The mere netting of ponzi-type “winning” transactions with ponzi-type “losses” does not vindicate a perpetrator of a ponzi scheme, or illegal financial fraud, from being liable to the “losing” investors. Quite the contrary, it is appropriate to litigate to recover assets from the perpetrator and those entities that assisted the perpetrators. In securities litigation, it would be inappropriate to suggest that the “losing” shareholder should not litigate to recover losses from illegal financial fraud since they may have unwittingly obtained “winning” transactions from some other illegal financial fraud activities.
Therefore, institutional investors that purchase equity which becomes worthless due to illegal financial fraud activities may wish to pursue recovery of losses through securities litigation.Systemic Fraud Perpetrated Over a Number of Years
A final category that needs to be considered is when systemic fraud is perpetrated over a number of years, particularly when a company is faced with negative information and continues to refute such information – only to finally admit the negative information is correct. Systemic fraud such as this may produce “winning” transactions similar to the analysis of Dr. Thakor. However, not dissuading such behavior by seeking to recover losses may serve to perpetuate systemic fraud.
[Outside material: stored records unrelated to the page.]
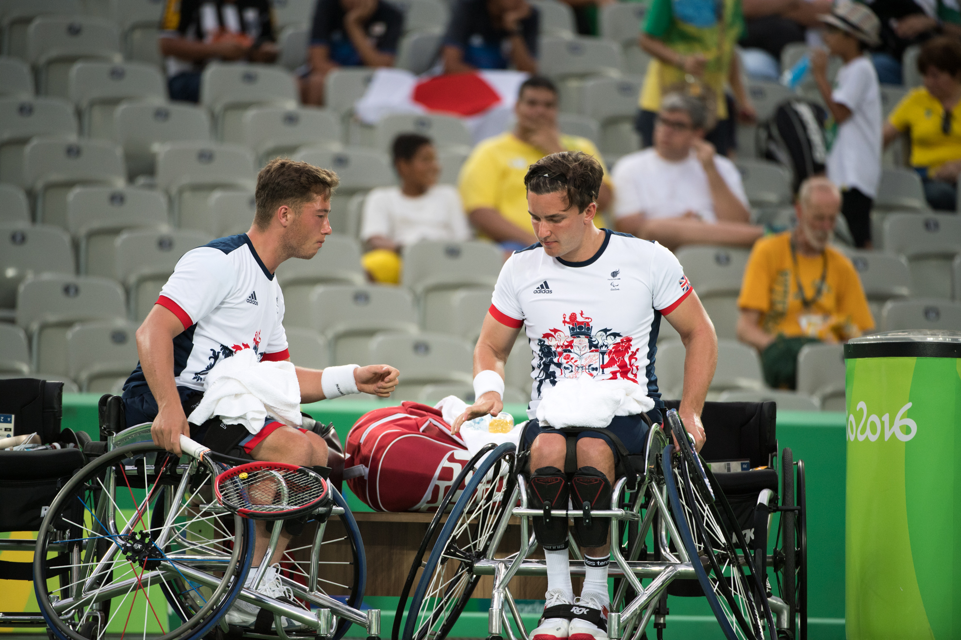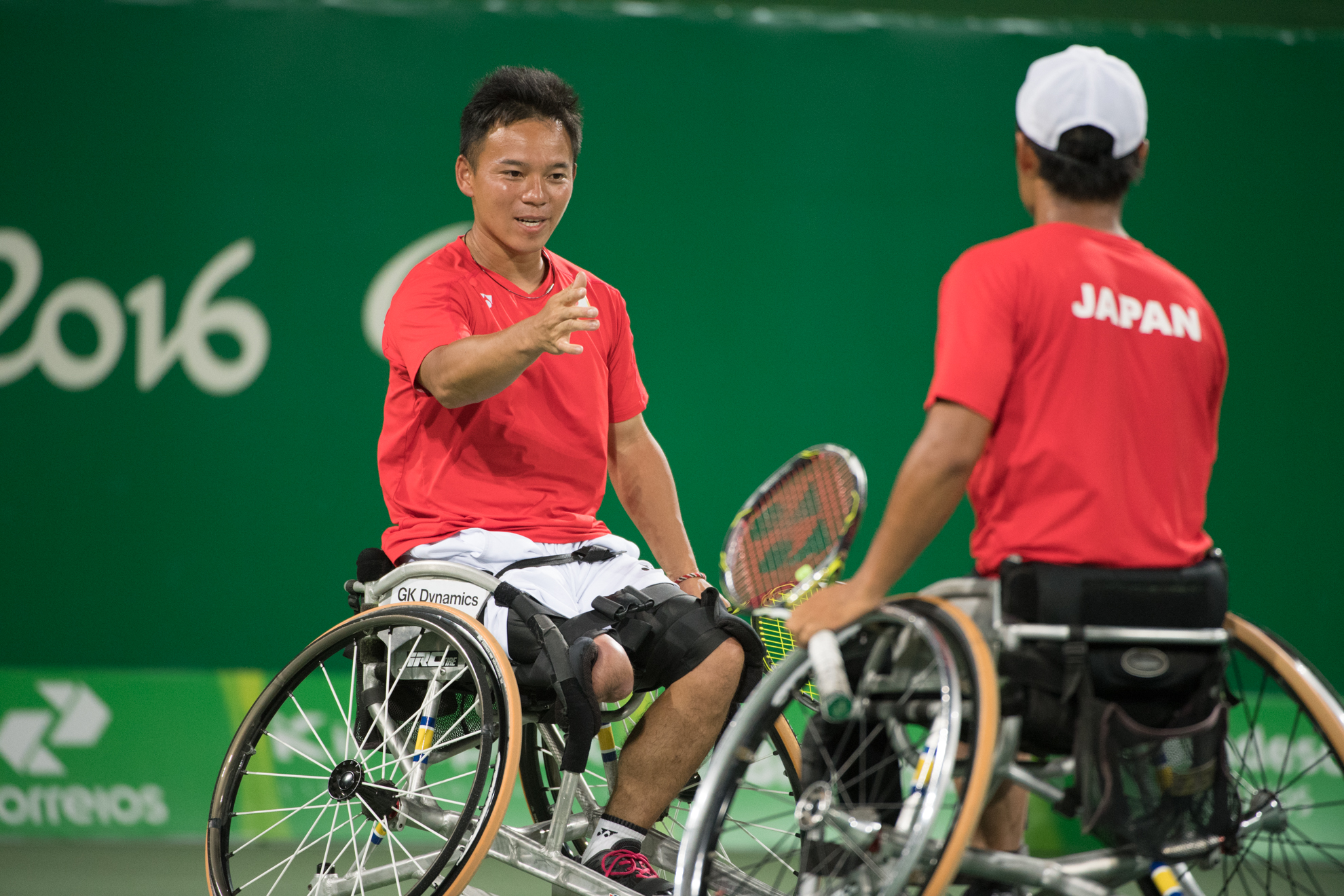 試合後国枝は、「(イギリスペアが)すごい勢いだったのでビックリしましたね。相手の攻撃的なテニスにこちらも打ち合うしかないと思い、二セット目からは打ち合えてたんですけど、やっぱりグランドスラムとってるペアっていうのは強いですね。若さの勢いってのがありました」と今日の試合を振り返った。国枝は同日に行われたシングルス準々決勝でもフランスのステファン・ウデに敗れており、リオパラリンピックでの試合は明後日行われるダブルス3位決定戦を残すのみとなった。
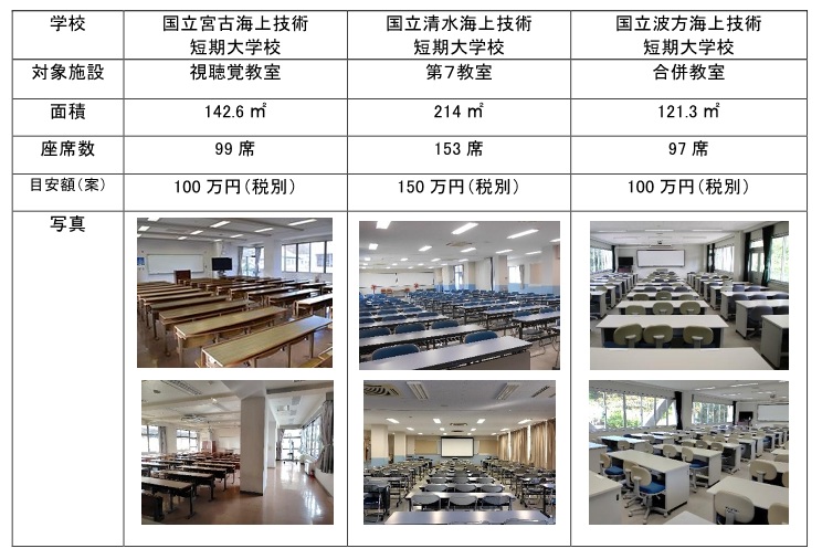 対象施設:JMETS海上技術短期大学校・海技大学校の教室
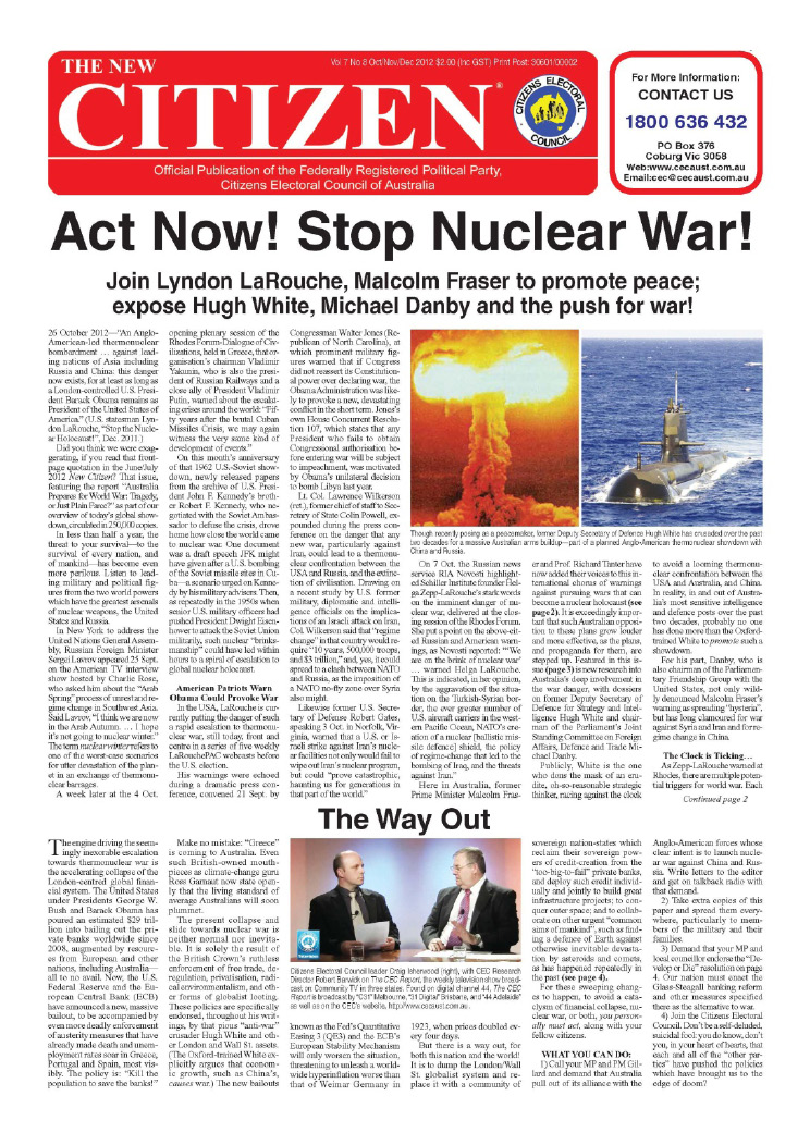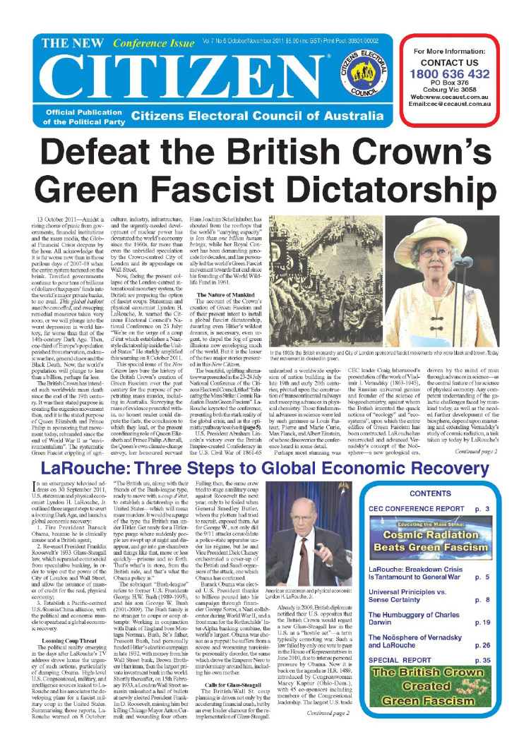 I would like to present to you the strategic vision of the Citizens Electoral Council of Australia, which is the LaRouche movement in our nation. Our vision is one of vast, physical-economic development, premised upon national banking and a public credit system. We intend to play our part internationally to defeat the genocide policies and war threats coming from the financial oligarchy, which Australians for over a century have called “the Money Power.” That financial oligarchy is based in the City of London and centered on the British Crown—and the wearer of that crown, the Queen of England, happens to be our official head of state.
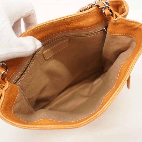 Chanel Shoulder Bag Chain Leather Light Brown Women\'s
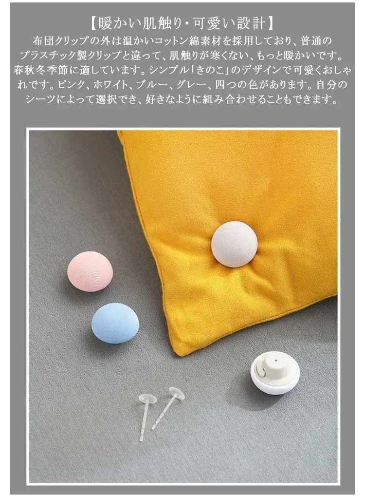 【暖かい肌触り・可愛い設計】布団クリップの外は温かいコットン綿素材を採用しており、普通のプラスチック製クリップと違って、肌触りが寒くない、もっと暖かいです。春秋冬季節に適しています。シンプル「きのこ」のデザインで可愛くおしゃれです。ピンク、ホワイト、ブルー、グレー、四つの色があります。自分のシーツによって選択でき、好きなように組み合わせることもできます。
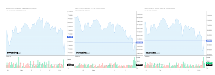 Evolución de los índices FTSE (Reino Unido), DAX (Alemania) y CAC40 (Francia) y volumen de contratación entre el 24 de enero y el 25 de febrero de 2022. Fuente: Investing.com
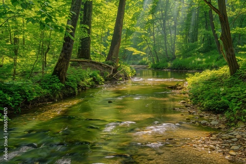 A serene forest scene featuring a gently flowing river surrounded by lush greenery.
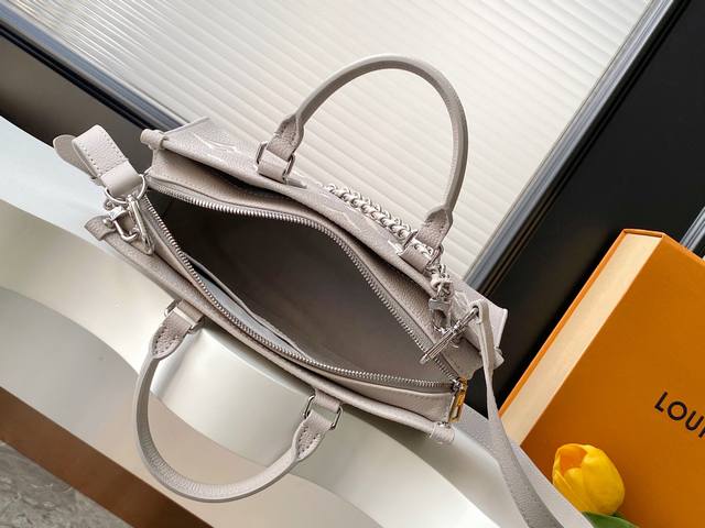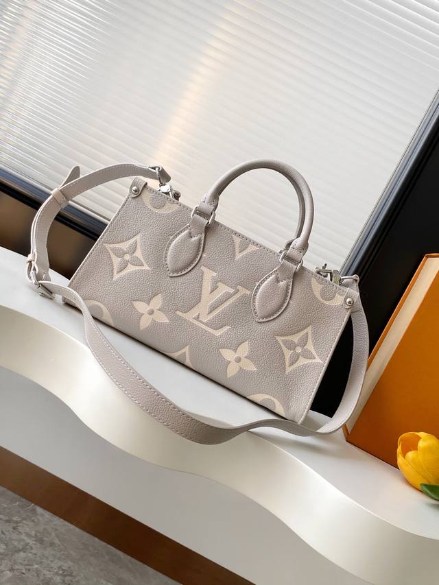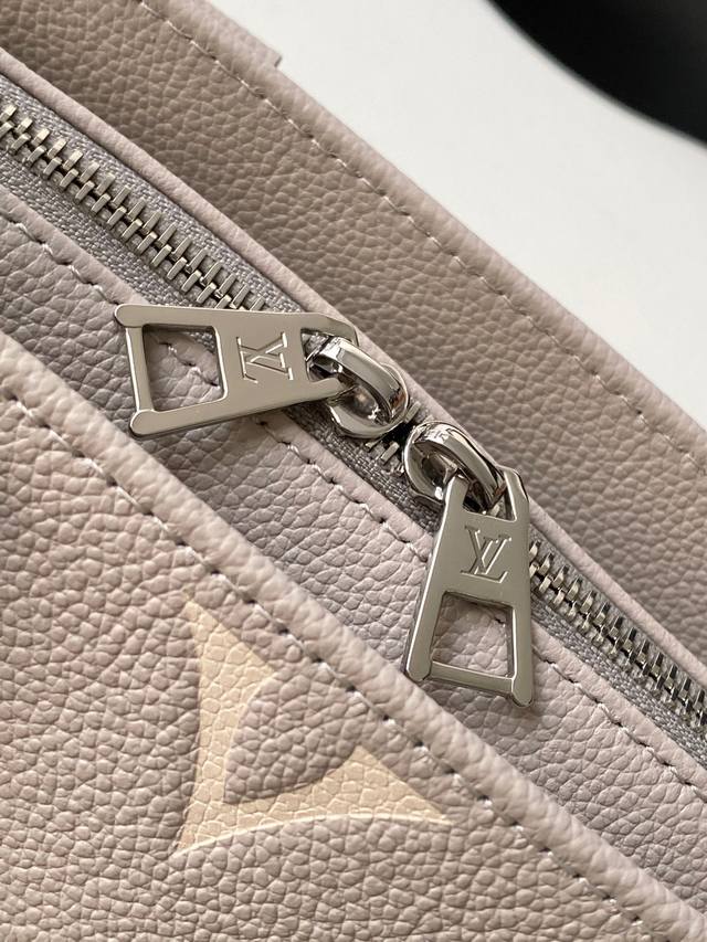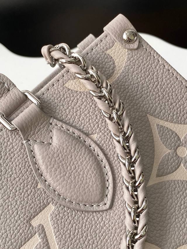 This Neverfull Mm handbag reinterprets the classic Monogram Empreinte leather with the same color aesthetic. The Neverfull is a spacious bag with side laces that can be tightened for a sleek seduction or relaxed for a casual look. There is a detachable bag inside that is fastened to the bag with a leather cord.

Therefore, cases involving systemic fraud should be based on the individual situation and the egregiousness of the systemic fraud.
Therefore, institutional investors that purchase equity in a company in which systemic fraud is present may unwittingly receive some “winning” transaction, but may wish to seek recovery of assets from the company and its officers and directors to further dissuade the systemic fraud.
While Dr. Thakor does have some valid points, the final conclusions are oversimplified and fail to capture the different kinds of securities litigation. When securities litigation is segregated into different categories, it is clear that there are specific instances in which institutional investors should pursue litigation to recover assets.